If you mean the Poincaré series associated to the Betti numbers, any series can be realized by a space. –  Fernando Muro Oct 13 '13 at 21:23
2  
With positive coefficients, though. And inverses tend to have negative ones. –  Mariano Suárez-Alvarez Oct 13 '13 at 21:23
    
The problem is exactly this, even if I did not explain it really well. Let me edit the OP. –  tetrapharmakon Oct 13 '13 at 21:35
    
Maybe this question also sounds dumb, but I'm particularly led to think (I don't rememeber who said it) that beautiful simmetries are (almost) always meaningful; if something is one inch far from being a "homomorphism"... then I want to know if it can effectively become one. –  tetrapharmakon Oct 13 '13 at 21:47

2 Answers 2

up vote 2 down vote accepted

The short answer is "morally, $Y$ should be the loop space of $X$," and we'll see how far this answer gets towards justifying that.

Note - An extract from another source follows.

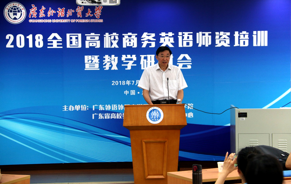 本网讯 7月9日至12日,商英学院联合广东省高校外语教师教学发展示范中心举办2018全国高校商务英语师资培训及教学研讨会,近20所高校的商务英语专业教师参加。研讨会邀请了校内外多位专家就商英专业建设发展的一系列重大问题献言献策,内容涉及商务英语专业发展和建设的一系列重大问题,如等级量表与商务英语测评、商英人才培养模式、智能时代创新教学模式的应用等。校党委副书记李云明出席开幕式并致辞。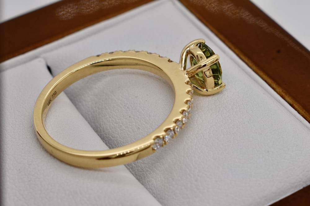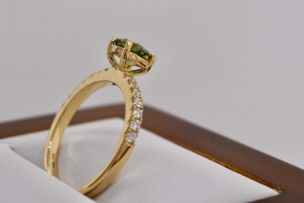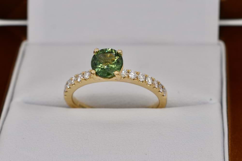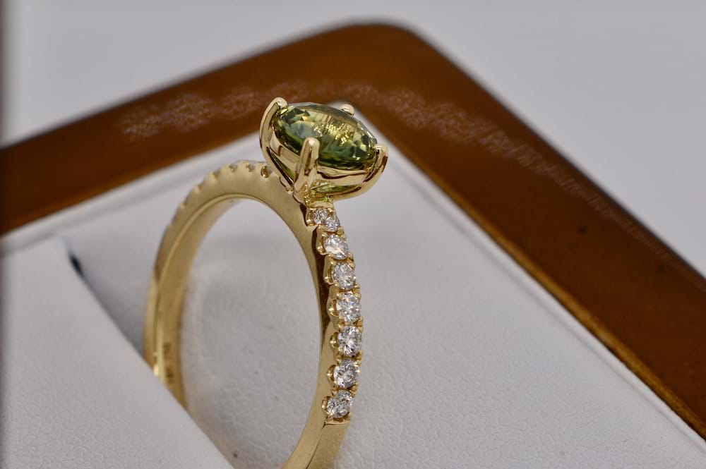 Stunning hand chosen Australian sapphire of 1.10cts with a yellow/bluish/green colour four claw set into an 18ct yellow gold ring with 14 sparkling round brilliant cut diamonds totalling 0.29ct GVS/SI. Designed to sit perfectly with wedding bands this makes a stunning engagement ring for a girl who wants something personalised and unique! Independent Valuation Supplied. Finger size N

First some words that are not about spaces. My go-to example of two power series, both of which are the Hilbert / Poincare series of something, whose product is $1$ is

$$\left( \sum_{k \ge 0} t^k \dim S^k(V) \right) \left( \sum_{k \ge 0} (-1)^k t^k \dim \Lambda^k(V) \right) = 1$$

where $V$ is a finite-dimensional vector space. Explicitly, if $\dim V = d$ then $\dim S^k(V) = {d+k-1 \choose k}, \dim \Lambda^n(V) = {d \choose k}$, and we recover the power series identity

$$\frac{1}{(1 - t)^d} (1 - t)^d = 1.$$

Here we should think of the left factor as being the graded dimension of $S(V)$, where $V$ is regarded as being in degree $0$, and the right factor as being the graded dimension of $S(V[1])$, where the shift is the origin of the signs and the taking of exterior powers.

The identity above reflects the fact that the symmetric and exterior algebras are Koszul dual. It can be categorified to the fact that a certain double complex refining the Koszul complex has homology concentrated in one bidegree, and can be used to write down a nice condition implying that a graded ring is Koszul; see Lemma 2.11.1 and Theorem 2.11.1 of Beilinson, Ginzburg, and Soergel's Koszul Duality Patterns in Representation Theory for details.


Now some words about spaces. Below all cohomologies and homologies are with rational coefficients.

Topologically our starting point is the intuition that fibrations

$$F \to E \to B$$

are like "twisted products" $E \cong B \times F$. One manifestation of this idea is that, under sufficiently nice hypotheses, $H_{\bullet}(E)$ is something like $H_{\bullet}(B) \otimes H_{\bullet}(F)$ (maybe we want $B$ to be simply connected and the Serre spectral sequence to degenerate at the second page, or something like that). In particular, under sufficiently nice hypotheses, the Poincare series of $F, E, B$ should satisfy

$$p_E(t) = p_B(t) p_F(t).$$

Now suppose $E \cong \ast$ is contractible, so $p_E(t) = 1$ and the fibration above is (weakly homotopy equivalent to) the path space fibration

$$\Omega B \to PB \to B.$$

Then the identity $p_E(t) = p_B(t) p_F(t)$ means that $p_B(t)$ and $p_{\Omega B}(t)$ are inverse power series. Of course by definition both must have non-negative integer coefficients so this is quite silly. Nevertheless the structure of the second page of the Serre spectral sequence is suggestive, and in particular something like the following can be deduced from Theorem 3.27 in McCleary's A User's Guide to Spectral Sequences.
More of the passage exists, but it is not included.